DESCRIPTION OF THE TASK -
Skip the pictures and restate, word for word, the lines from the one containing "А как ты думаешь, о" to the end of the data below.

SUPPLIED DATA -
-=-=-=-=-

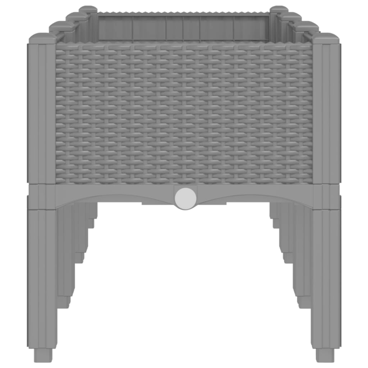 This garden planter is an excellent choice for climbing plants in your garden, patio and terrace. Durable material: Polypropylene is a popular plastic that is also one of the most used materials in outdoor furniture. It's lightweight, tough, and resistant to impact.Generous capacity: The outdoor planter provides plenty of space for growing all your vegetables, flowers and other plants.Bottom design: The ideal bottom layer helps retain moisture and allows for easy drainage.Beautiful rattan look: The patio planter is designed with a rattan look, bringing an elegant charm to your living space.Elevated design: The elevated design of this planter box can protect your plants from weeds and pests.
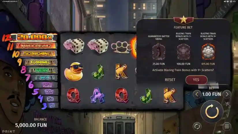 Locating enough flaming baseballs to trigger the top-tier free spins feature, “Burning Train,” immediately activates the feature and replaces the corresponding Scatter prize with a cash prize.
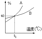 A、B两种物质的饱和溶液的百分比浓度随温度变化的曲线如图:现分别在50gA和80gB中各加水150g,加热溶解后并都蒸发水50g,冷却到t1℃,下列叙述正确的是( )
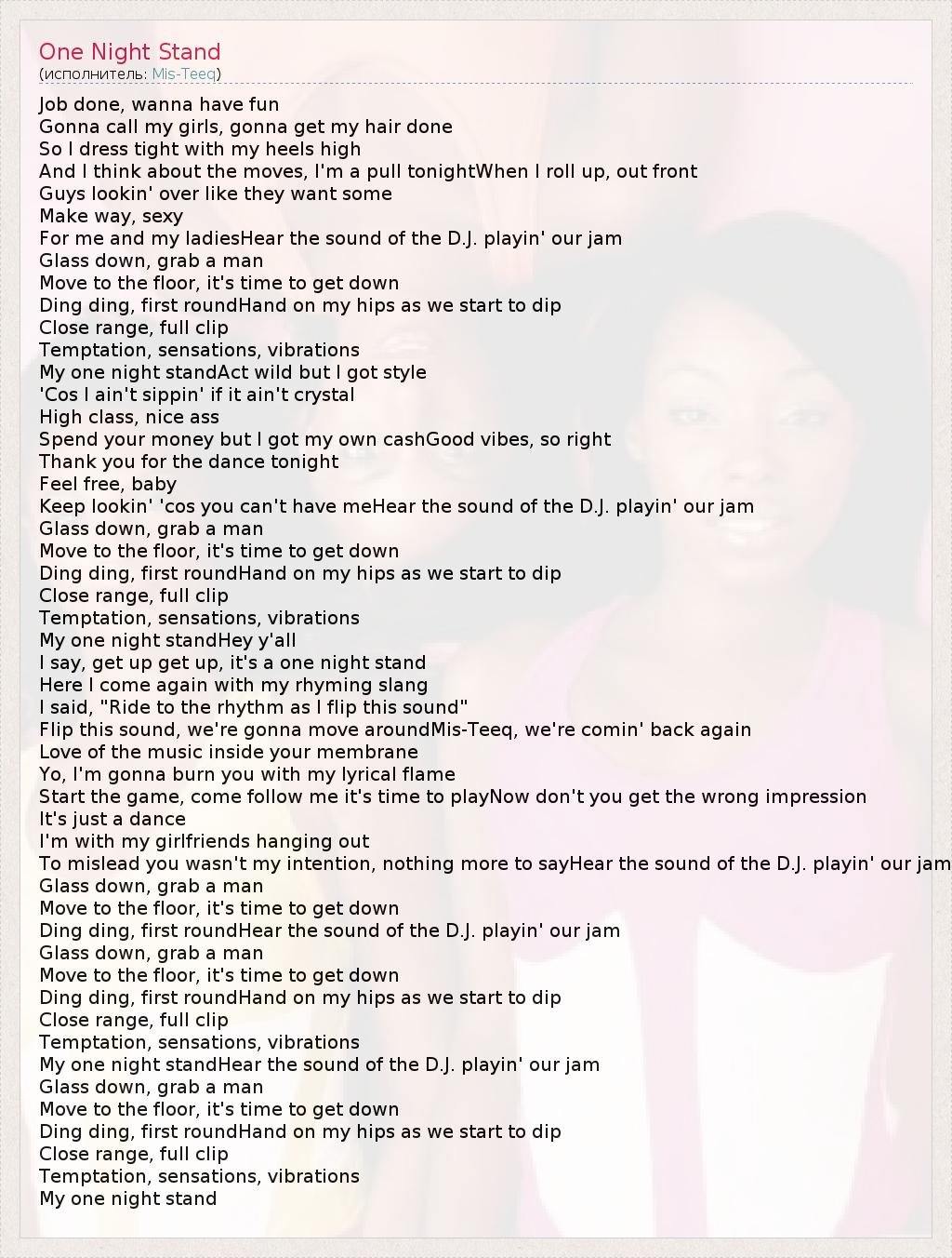 А как ты думаешь, о чем песня "One Night Stand" ?
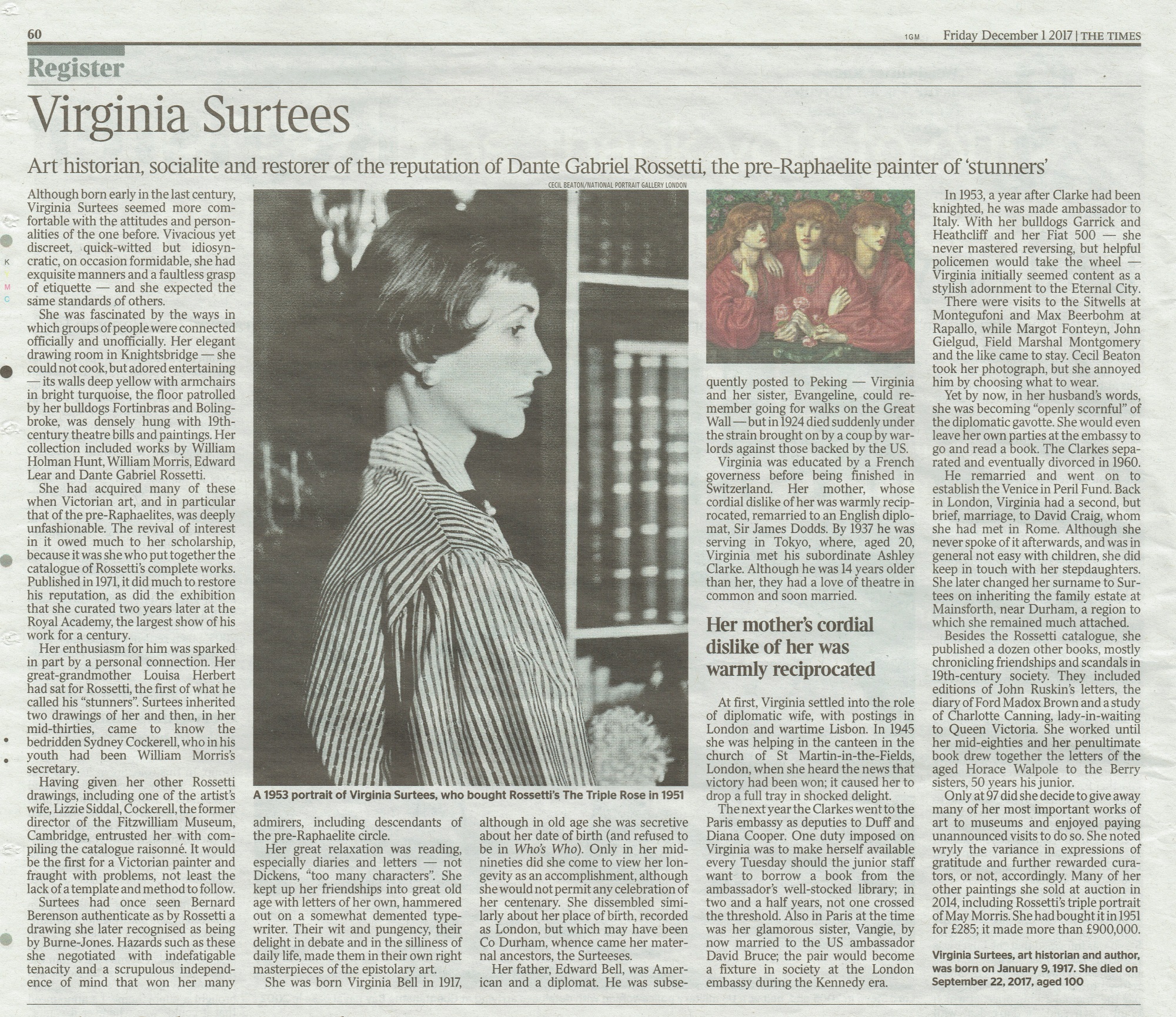 (9 Jan 1917 – 22 Sep 2017) Portrait ultimately redevenue Virginia Surtees as a cultural ingenu myself, she irresistibly reminds me of Saki's Francesca Bassington though I have always and uncritically loved the Pre-Raphaelites ever since I saw Burne-Jones' King Cophetua and the Beggarmaid at an early age, but now I've seen Leighton's version I hugely prefer the looks of his maid. I'm an irredeemably testosterone-driven low-brow as regards the visual arts. Perhaps that's more honourable than judging them simply by auction-value. The finest artistic creation of all time for me is Leonardo's cartoon of The Virgin and Child with Saint Anne and John the Baptist. Nothing else comes even close. OMG, perhaps I fancy the BVM – I'm headed for the pit of boiling sulphur. |

-=-=-=-=-

OUTPUT OF THE TASK -
 А как ты думаешь, о чем песня "One Night Stand" ?
 (9 Jan 1917 – 22 Sep 2017) Portrait ultimately redevenue Virginia Surtees as a cultural ingenu myself, she irresistibly reminds me of Saki's Francesca Bassington though I have always and uncritically loved the Pre-Raphaelites ever since I saw Burne-Jones' King Cophetua and the Beggarmaid at an early age, but now I've seen Leighton's version I hugely prefer the looks of his maid. I'm an irredeemably testosterone-driven low-brow as regards the visual arts. Perhaps that's more honourable than judging them simply by auction-value. The finest artistic creation of all time for me is Leonardo's cartoon of The Virgin and Child with Saint Anne and John the Baptist. Nothing else comes even close. OMG, perhaps I fancy the BVM – I'm headed for the pit of boiling sulphur. |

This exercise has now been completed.